The early first-century B.C.E. political–ethnic border between Hasmonean Jewish Galilee and the surrounding Gentile territories was identified on the basis of the analysis of Hasmonean and Phoenician coins, the proposed border with עAkko-Ptolemais in Lower Galilee being around the northwestern edge of the Beth-Netufa Valley. A late Hellenistic to early Roman settlement with Jewish characteristics excavated at Kiryat Ata is identified with Kapharatha (Josephus, Life 188), indicating that the border of Jewish Galilee lay closer to the עAkko plain.

The Early Roman Period (63 B.C.E.–125 C.E.).

Josephus Flavius, the main written source on early Roman Galilee, occasionally supplemented by other Roman writers, the New Testament sources, and the slightly later rabbinic literature, provides a detailed description of Jewish Galilee, defining its borders in terms of the surrounding Gentile political entities, praising its fertility, and indicating that it was fairly densely settled with many villages (Josephus, J.W. 3.35–43). Josephus’s border between Lower and Upper Galilee at Bersabe-Ḥorvat Beersheba in the Beth Hakerem Valley concurs with the Mishnah’s border at neighboring Kefar Ḥananya (Sheviit 9.2).
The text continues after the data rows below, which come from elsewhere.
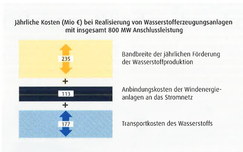
Bild 3. Jährliche Kosten

Best-Case-Szenario 910 €/kW, 6000 Volllaststunden, 52 kWh/kg(H 2 ), Kosten grauer Wasserstoff 7,2 €/kg Worst-Case-Szenario 1220 €/kW, 4000 Volllaststunden, 55 kWh/kg(H 2 ), Kosten grauer Wasserstoff 1,3 €/kg
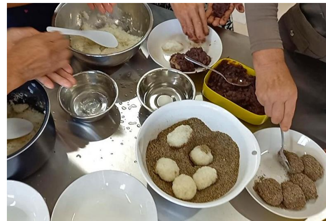
富士見の郷土料理を体験する
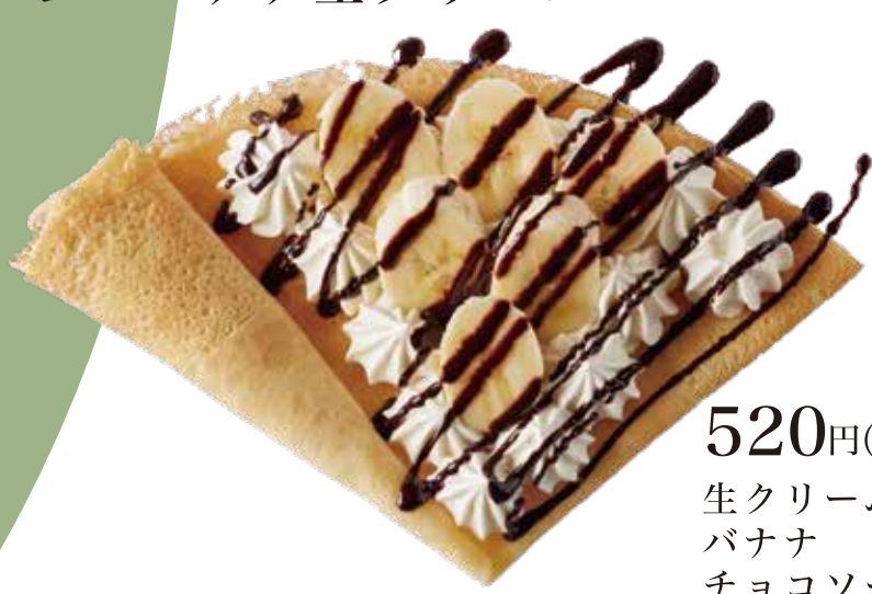
チョコバナナ生クリーム
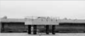
土台が完成。この上に風車を設置
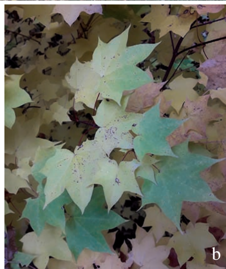
Figura 1. Acer cappadocicum , Ribes de Freser: a) grup dens de rebrotos i joves; b) fulles.

l'antiga zona enjardinada, que en l'actualitat ha estat parcialment ocupada per bardisses. Una part d'aquests individus havia nascut sens dubte de llavor, mentre que altres (aparentment majoritaris) procedien de rebrotos subterranis, una forma de reproducció vegetativa habitual en aquesta espècie.
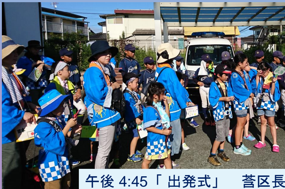
午後 4:45 「出発式」 蒼区長の挨拶

Following the Roman conquest in 63 B.C.E., the pagan Decapolis cities on the Galilee periphery were reinstated (Hippos, Gadara, Scythopolis), autonomous עAkko and Tyre retained control of some of western and Upper Galilee, and Jewish Galilee, incorporating Lower Galilee, eastern Upper Galilee, and Gaulanitis, was governed from Sepphoris as a synedrion district within Judea (Josephus, Ant. 14.91). Galilean resistance to Roman and subsequently Herodian rule led to recurring clashes in Lower Galilee, peaking in 39–38 B.C.E. when Herod the Great (r. 37–4 B.C.E.), who at the time was strategos, or governor, of Galilee, captured the Hasmonean garrison at Sepphoris and encountered stubborn resistance at Arbel. Resistance peaked again on Herod’s death in 4 B.C.E. when an insurgency of “Galilean bandits” at Sepphoris led to the burning of the town and the enslaving of the population by the Romans. Herod Antipas (r. 4 B.C.E.–39 C.E.), tetrarch of Galilee and of Perea in Transjordan, subsequently rebuilt Sepphoris and founded the new city of Tiberias in ca. 19 C.E., introducing a degree of urbanization into the predominantly rural Jewish Galilee.
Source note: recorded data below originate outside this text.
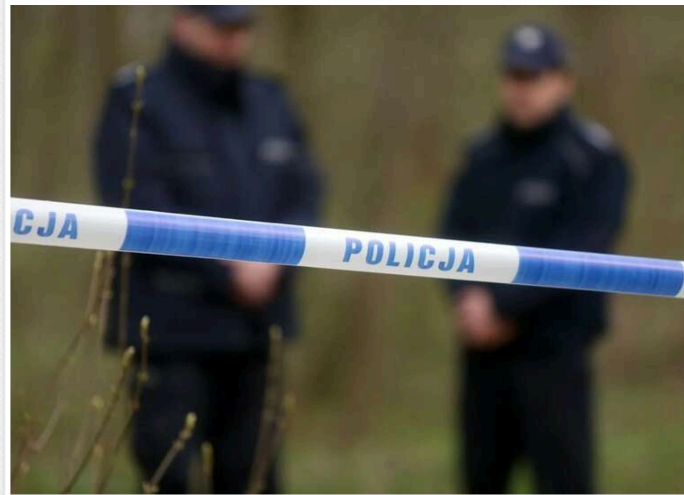
У Польщі на приватній ділянці колишньої лікарки виявили останки 32 ненароджених дітей

У селі Люториж поблизу Жешува на земельній ділянці, яка раніше належала лікарці, виявили останки 32 ненароджених дітей.
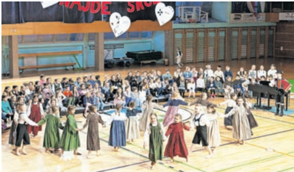
V množici nastopajočih otrok so bili tudi mladi folklorniki.
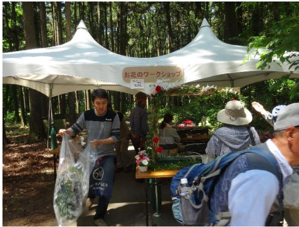
お花のワークショップ

Excavations have exposed much data bearing on Galilean village life, whose economy was based on intensified grain cultivation, wine production, a flourishing olive oil industry evident from the many pressing installations, and flax manufacture and supplemented by fishing around the Sea of Galilee, corroborated by the Galilean boat and the many anchorages and fish pools surveyed around the lake. Several aspects in the material culture reflect Jewish identity and modest lifestyle, including miqvaot, chalkstone vessels, bone profiles lacking pork, locally manufactured pottery centered around Kefar Ḥananya and Shikhin, an avoidance of figurative art and of imported pottery wares, Jerusalem-manufactured lamps, Jewish Jerusalem-minted coinage, stone ossuaries, and kokhim burial caves with niches.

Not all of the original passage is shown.